**INPUT DATA**:
■ ■ ■ ■ ■

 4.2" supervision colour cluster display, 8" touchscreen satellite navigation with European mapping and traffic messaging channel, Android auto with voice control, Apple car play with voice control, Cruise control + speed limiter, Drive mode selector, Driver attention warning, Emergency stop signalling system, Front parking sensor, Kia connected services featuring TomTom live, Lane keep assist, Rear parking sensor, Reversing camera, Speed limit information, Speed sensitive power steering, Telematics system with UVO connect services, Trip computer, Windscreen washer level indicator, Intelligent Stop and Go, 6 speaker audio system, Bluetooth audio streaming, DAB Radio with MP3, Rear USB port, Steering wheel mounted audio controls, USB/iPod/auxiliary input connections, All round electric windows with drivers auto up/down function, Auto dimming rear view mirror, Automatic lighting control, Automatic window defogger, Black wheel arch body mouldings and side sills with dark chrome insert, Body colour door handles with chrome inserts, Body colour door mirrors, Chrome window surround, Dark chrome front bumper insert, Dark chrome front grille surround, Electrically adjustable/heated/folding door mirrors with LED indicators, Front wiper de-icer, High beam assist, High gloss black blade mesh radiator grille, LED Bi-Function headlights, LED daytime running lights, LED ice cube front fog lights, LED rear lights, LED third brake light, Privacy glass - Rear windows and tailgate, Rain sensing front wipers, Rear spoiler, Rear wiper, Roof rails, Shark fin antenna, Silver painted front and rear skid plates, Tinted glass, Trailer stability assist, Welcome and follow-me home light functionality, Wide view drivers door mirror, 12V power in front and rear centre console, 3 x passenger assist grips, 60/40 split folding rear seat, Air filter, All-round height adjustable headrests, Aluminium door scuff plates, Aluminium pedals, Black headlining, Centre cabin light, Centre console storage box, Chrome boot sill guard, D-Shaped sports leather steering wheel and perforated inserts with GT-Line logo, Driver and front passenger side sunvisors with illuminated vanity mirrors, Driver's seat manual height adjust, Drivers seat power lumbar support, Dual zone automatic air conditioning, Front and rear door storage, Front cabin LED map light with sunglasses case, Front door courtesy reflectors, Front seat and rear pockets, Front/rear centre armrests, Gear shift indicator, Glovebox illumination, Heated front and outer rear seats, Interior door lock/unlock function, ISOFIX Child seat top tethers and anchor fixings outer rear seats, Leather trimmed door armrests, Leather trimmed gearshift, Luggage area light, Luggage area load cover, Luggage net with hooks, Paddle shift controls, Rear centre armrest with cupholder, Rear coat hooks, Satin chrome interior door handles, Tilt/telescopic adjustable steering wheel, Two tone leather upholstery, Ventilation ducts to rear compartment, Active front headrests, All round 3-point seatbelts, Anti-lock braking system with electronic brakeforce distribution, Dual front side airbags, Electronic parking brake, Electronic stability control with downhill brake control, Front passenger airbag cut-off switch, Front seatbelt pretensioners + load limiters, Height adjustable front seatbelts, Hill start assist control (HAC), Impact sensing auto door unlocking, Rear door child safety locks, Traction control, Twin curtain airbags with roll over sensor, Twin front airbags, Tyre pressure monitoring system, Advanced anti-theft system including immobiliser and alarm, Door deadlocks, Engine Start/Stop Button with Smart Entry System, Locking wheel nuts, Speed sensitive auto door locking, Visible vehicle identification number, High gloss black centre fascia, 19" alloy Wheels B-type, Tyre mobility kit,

■ ■ ■ ■ ■

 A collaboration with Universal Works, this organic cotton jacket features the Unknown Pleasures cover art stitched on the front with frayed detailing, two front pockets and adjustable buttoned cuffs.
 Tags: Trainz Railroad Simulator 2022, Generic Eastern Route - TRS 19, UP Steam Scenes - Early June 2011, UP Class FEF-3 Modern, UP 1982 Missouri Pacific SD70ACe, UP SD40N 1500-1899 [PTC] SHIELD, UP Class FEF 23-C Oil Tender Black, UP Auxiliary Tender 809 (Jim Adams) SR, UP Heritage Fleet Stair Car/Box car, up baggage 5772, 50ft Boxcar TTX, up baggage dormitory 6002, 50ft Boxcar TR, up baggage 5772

■ ■ ■ ■ ■

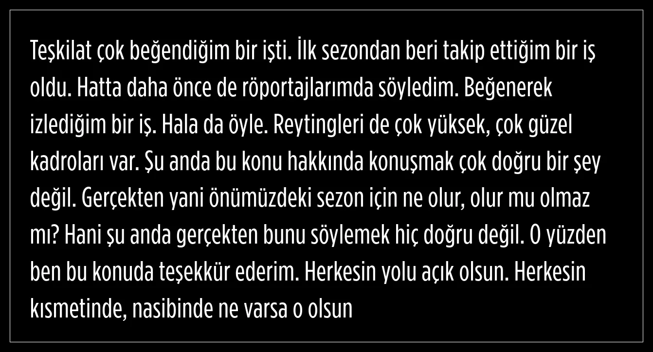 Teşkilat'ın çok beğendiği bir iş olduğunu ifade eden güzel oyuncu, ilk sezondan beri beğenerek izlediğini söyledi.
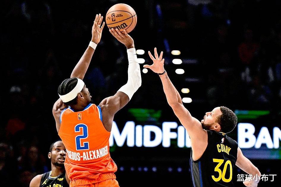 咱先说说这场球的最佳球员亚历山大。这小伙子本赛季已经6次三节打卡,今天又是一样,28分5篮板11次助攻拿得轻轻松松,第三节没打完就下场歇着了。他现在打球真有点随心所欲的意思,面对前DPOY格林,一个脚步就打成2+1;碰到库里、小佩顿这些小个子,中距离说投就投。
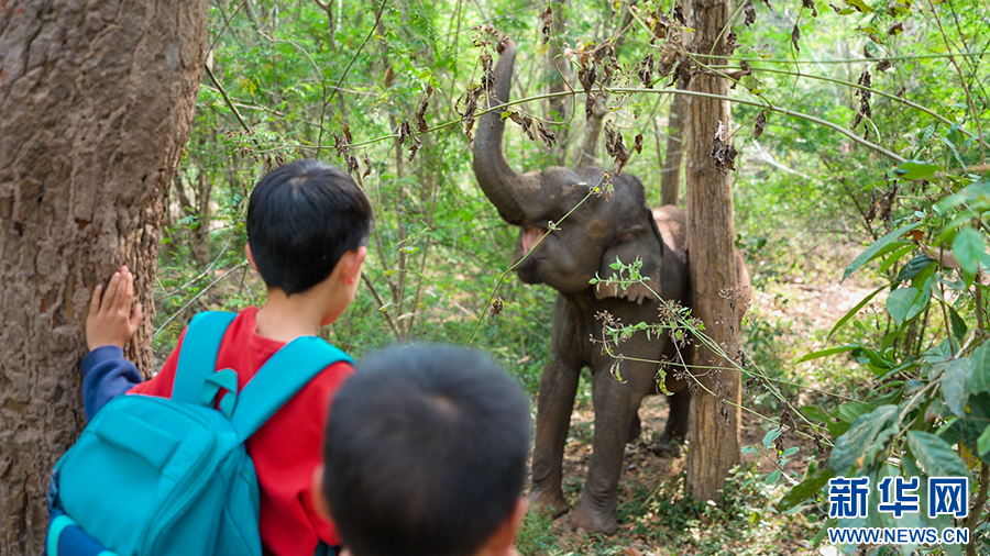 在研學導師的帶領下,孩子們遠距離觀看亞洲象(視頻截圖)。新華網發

■ ■ ■ ■ ■

**WHAT TO DO**:
The answer is the lines of the material above, from the one containing "咱先说说这场球的最佳球员亚历" down to the one containing "在研學導師的帶領下,孩子們遠距離觀看亞洲象(視頻截圖)。新華網發", given exactly and without images.

**EXPECTED ANSWER**:
 咱先说说这场球的最佳球员亚历山大。这小伙子本赛季已经6次三节打卡,今天又是一样,28分5篮板11次助攻拿得轻轻松松,第三节没打完就下场歇着了。他现在打球真有点随心所欲的意思,面对前DPOY格林,一个脚步就打成2+1;碰到库里、小佩顿这些小个子,中距离说投就投。
 在研學導師的帶領下,孩子們遠距離觀看亞洲象(視頻截圖)。新華網發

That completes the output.